Down in the Deepest Shade of Blue
Sometimes a great attribute for an album is to be called “different.” Down in the Deepest Shade of Blue is different and it sounds, well, old. I don’t know Steve Ludwig or any Casual Hobos, but I think this group would take that as a compliment.
It’s their first album and all eight songs were written by Ludwig — a gutsy move for a debut. The odd thing is they don’t seem original, because they sound, well, old. Ludwig is from Pittsburgh, but you won’t get the sense of steel and smokestacks, as he winds through songs that sound like they could be played on a radio show that highlights old country from the 1950s or first-generation bluegrass when it was establishing itself.

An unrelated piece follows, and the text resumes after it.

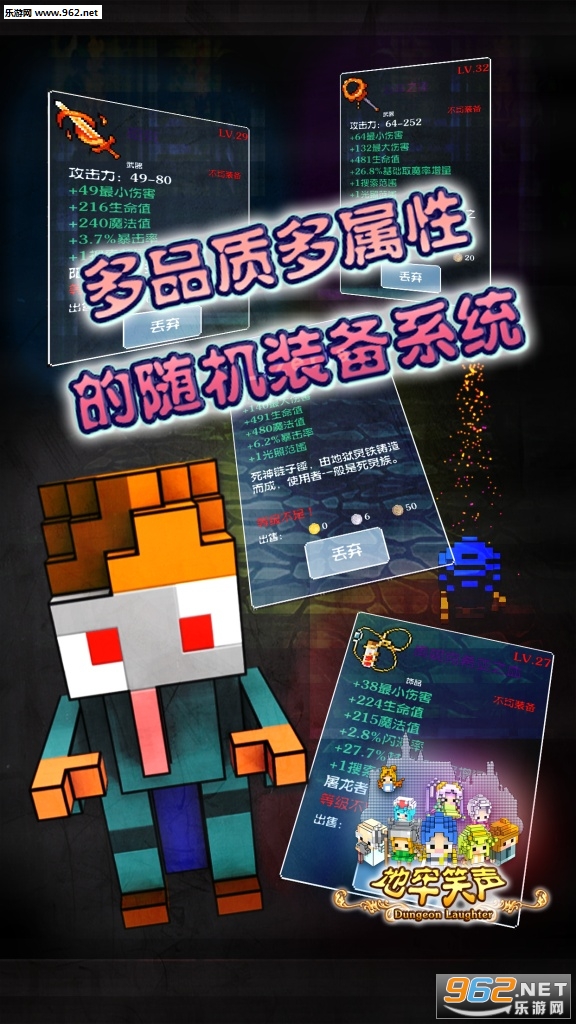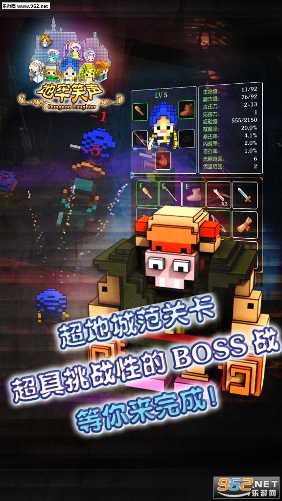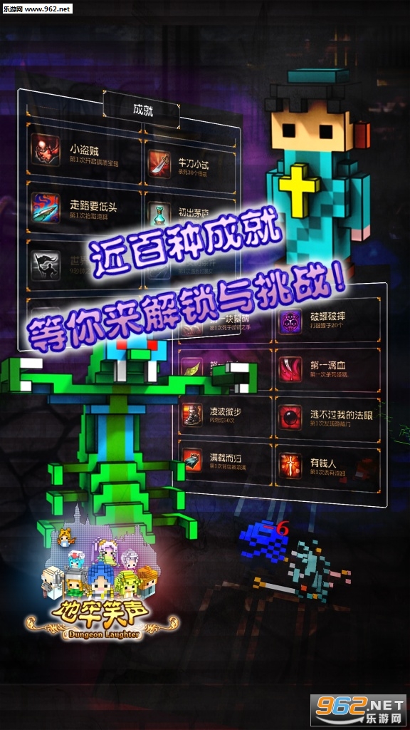 地牢笑声是一款以唤醒玩家熟悉记忆为目的的像素风RPG手游,游戏采用彩色像素画风,完全汉化的文本,其中有着众多熟悉的RPG桥段,比如翻草丛,踢箱子,随机属性的装备系统也会不断给你带来惊喜,还有丰富成就等你来拿!

“When Your Love Triangle Turns to Square” has shades of Hank Williams and there’s a turnaround or two when Ludwig appears on the verge of yodeling. “Don’t Leave Early from the Party” is a storytelling song in the tradition of The Country Gentlemen.
While “I’m So Dumb I’m Happy” maybe wins best title, and “Just a Friend” is a song many lovelorn high school or college students can relate to, “The Old Place” is perhaps the best cut of all.
Clearly Ludwig (guitar) and his band — Trish Imbrogno (bass), Jason Ericsson (banjo), Marina Pendleton (fiddle/mandolin), Stephanie Green (fiddle), Sam Stuckey (bass) — are tipping a hat to the past while remaining original.